USA Today's health blog reports a European Union committee on emerging health risks finding that 1 in 10 MP3 player users could go deaf! Well, that is if you listen to it for an hour a day for five years. That would then include basically anyone who owns a personal MP3 player!
As one who works in a junior/senior high school, I can tell you right now that we'd better start teaching sign language with the way that these kids blast the music in their ear buds. I swear, you can hear the music from their iPods halfway down the hall. It's as if they have to "ego-cast" to their peers what kind of music they're listening to. Now, that's not much different from when I was in high school and kids cranked the music up to full volume on their walkmans, but at the very least those earphones sat on the outside of the ears, not directly inside the ear!
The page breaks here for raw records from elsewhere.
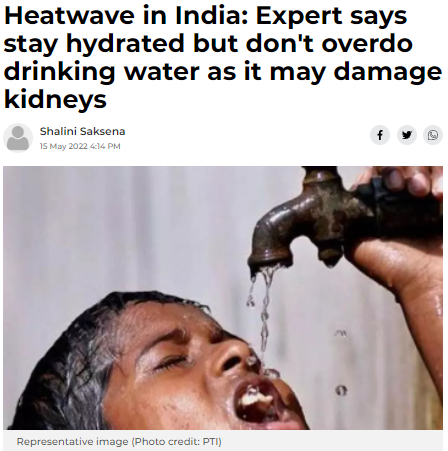 Headline: Heatwave in India: Expert says stay hydrated but don't overdo drinking water as it may damage kidneys
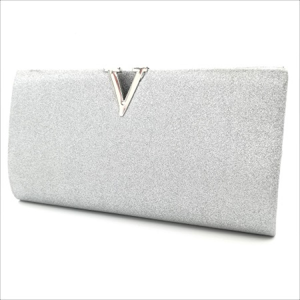 Официална дамска чанта клъч сива( сребриста ) обсипана със ситен брокат , декорирана с буквата V.
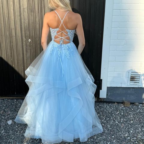 Mekon käyttäjä on ollut noin 168 cm pitkä. Mekon kanssa on käytetty korkoja sekä vannehametta.
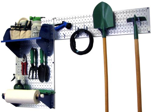 Wall Control 30-GRD-200 GVBU Garden Supplies Storage and Organization Garden Tool Organizer Kit with Metallic Pegboard and Blue Accessories
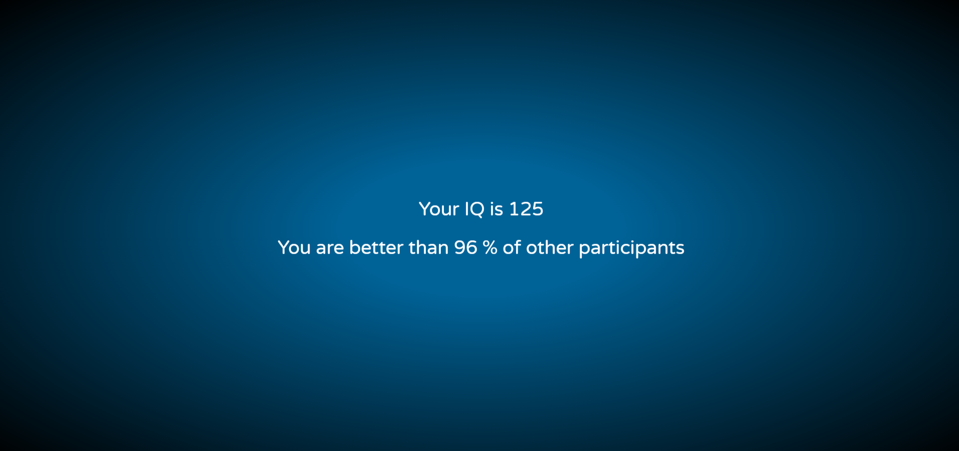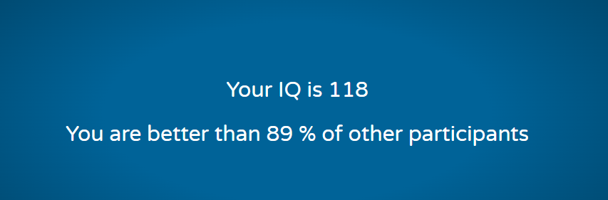 Я забайтился. Лёгкие 118. Но у меня большие проблемы в личной жизни, отчисляют с универа, да и в целом чувствую себя паршиво. Так что любая здоровая голова лучше какого бы то ни было невъебенного айку. Ещё эмоциональный интеллект > рациональный интеллект. А понимание, чего ты хочешь от жизни, вообще выше всего этого. Да-да, набрал чуть больше среднего, а уже мудрости раздаю. Тщеславие - мой любимый из грехов.
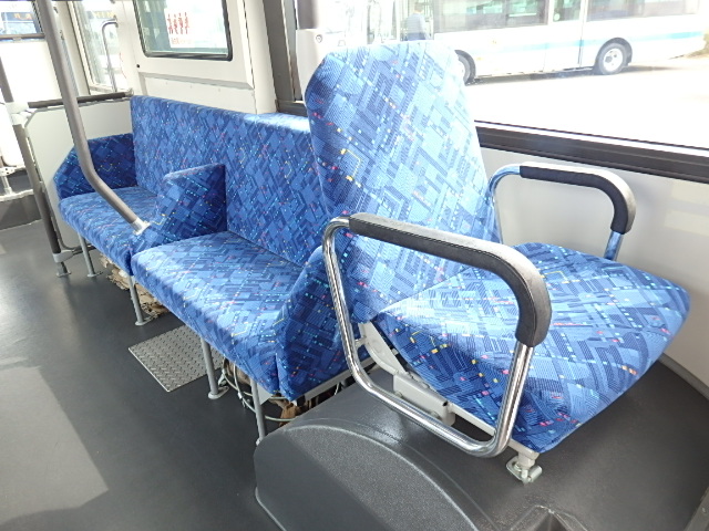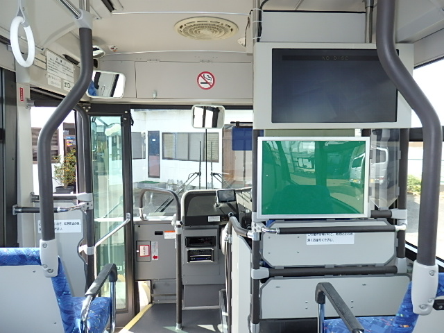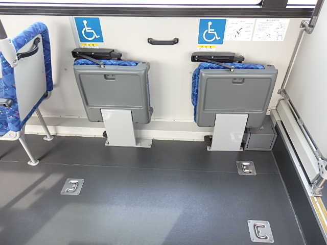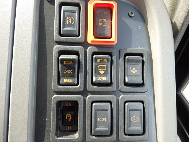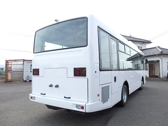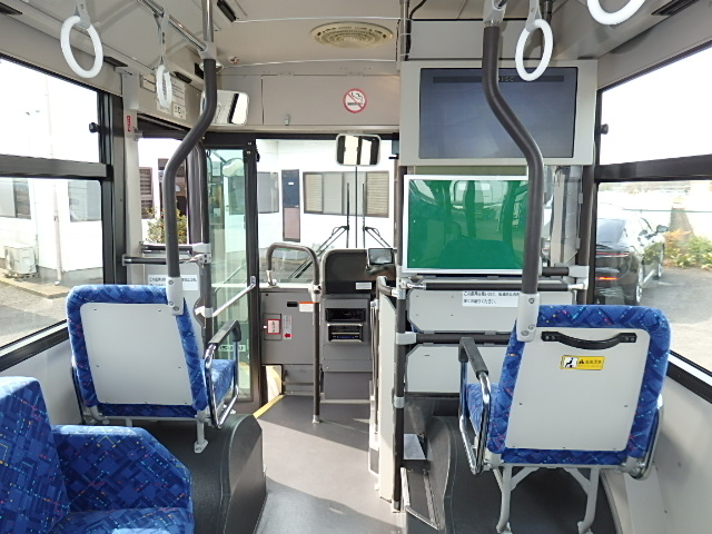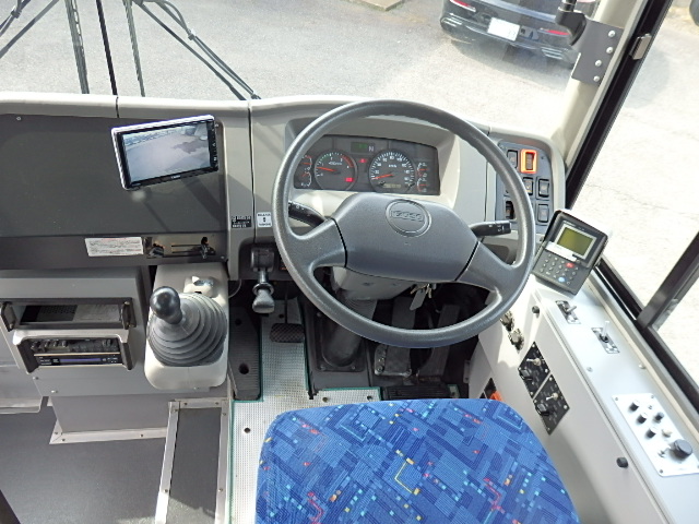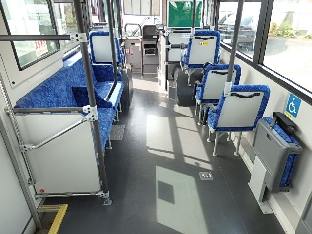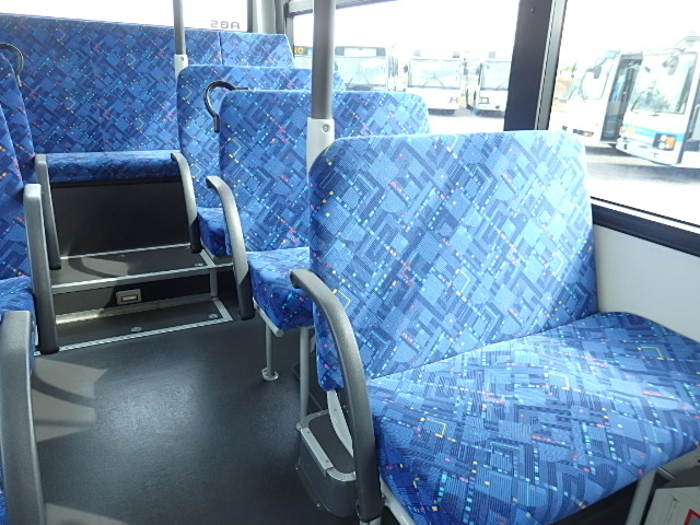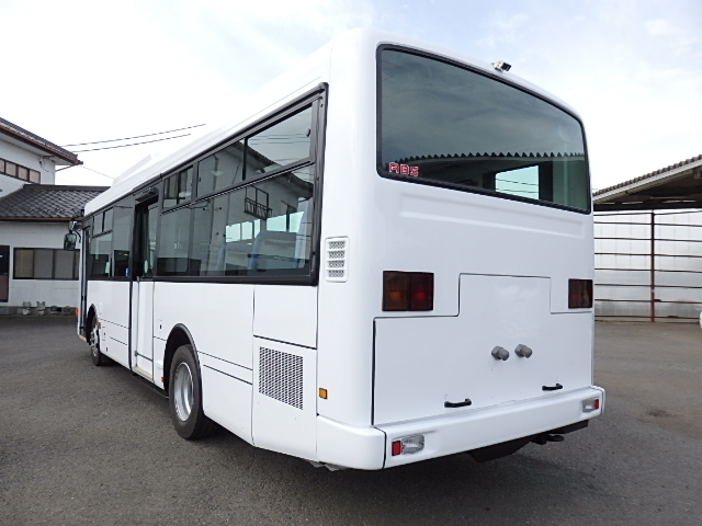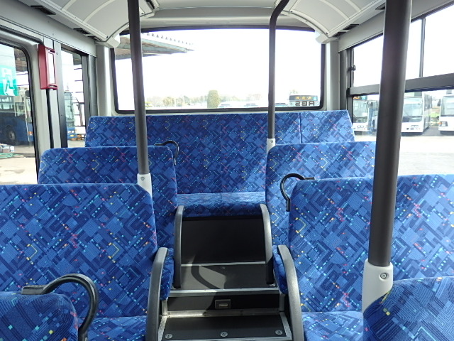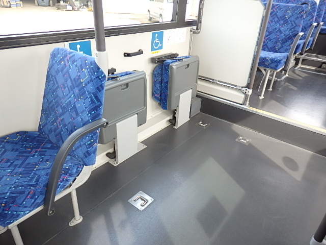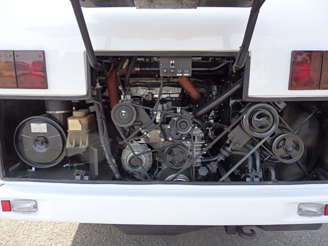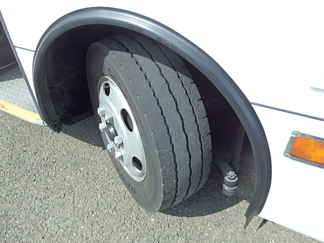 中型路線仕様・ワンステップ式 シフト・6MT ニーリング装置装着 定員・60名*(正座席・27名+D席・1名+立席・32名)*シートレイアウト・路線バス仕様 バリアーフリー適合車 車椅子用スロープ板(中扉・床部収納式) エアコン・DESNO製 ヒーター・温水式 降車ボタン・なし バックアイカメラ・カラー液晶モニター 換気扇・2基  タイヤ状態:夏用ラジアルタイヤ・6本・50% 塗装状態:白1色*(全塗装施工実施済)

Maybe this explains why some idiots feel the need to install kickers in their cars and drive around in an earthquake-inducing machine---it's not that they're trying to subject the rest of the world to their bass-driven music, rather it's that they've already gone completely deaf from listening to their iPods and have to resort to "feeling" their music.
The sad thing is, once you've damaged your hearing to the point at which you've killed the hair cells in
your ear that amplify and interpret sound waves for your brain, you'll never be able to gain it back without the assistance of a hearing aid of some kind. According to the National Institute for Occupational Safety and Health (NIOSH), "the safe limit for noise exposure (is) 85 dB for 8 hours a day. Each time
the noise level increases by 3 dB, safe exposure time is cut in half." The maximum volume for an iPod is 100-110 decibels, which, according to the Mayo Clinic, is equivalent to a chainsaw or jack hammer at 100 decibels or an amulance siren at 110 decibels! Going by the figures for the maximum job-noise exposure allowed by law, an iPod user can only listen to their iPod at 100 decibels for 2 hours before suffering permenant hearing damage, or for only 30 minutes at 110 decibels. How many of you have a teenager who practically lives with their iPod's earbuds planted in their ears? Maybe it's time for MP3 users to "Turn on, tune in, drop out"---that is "turn on" to what's actually going on around them, "tune in" to the sounds of real life, and "drop out" of listening to their MP3 players 24/7!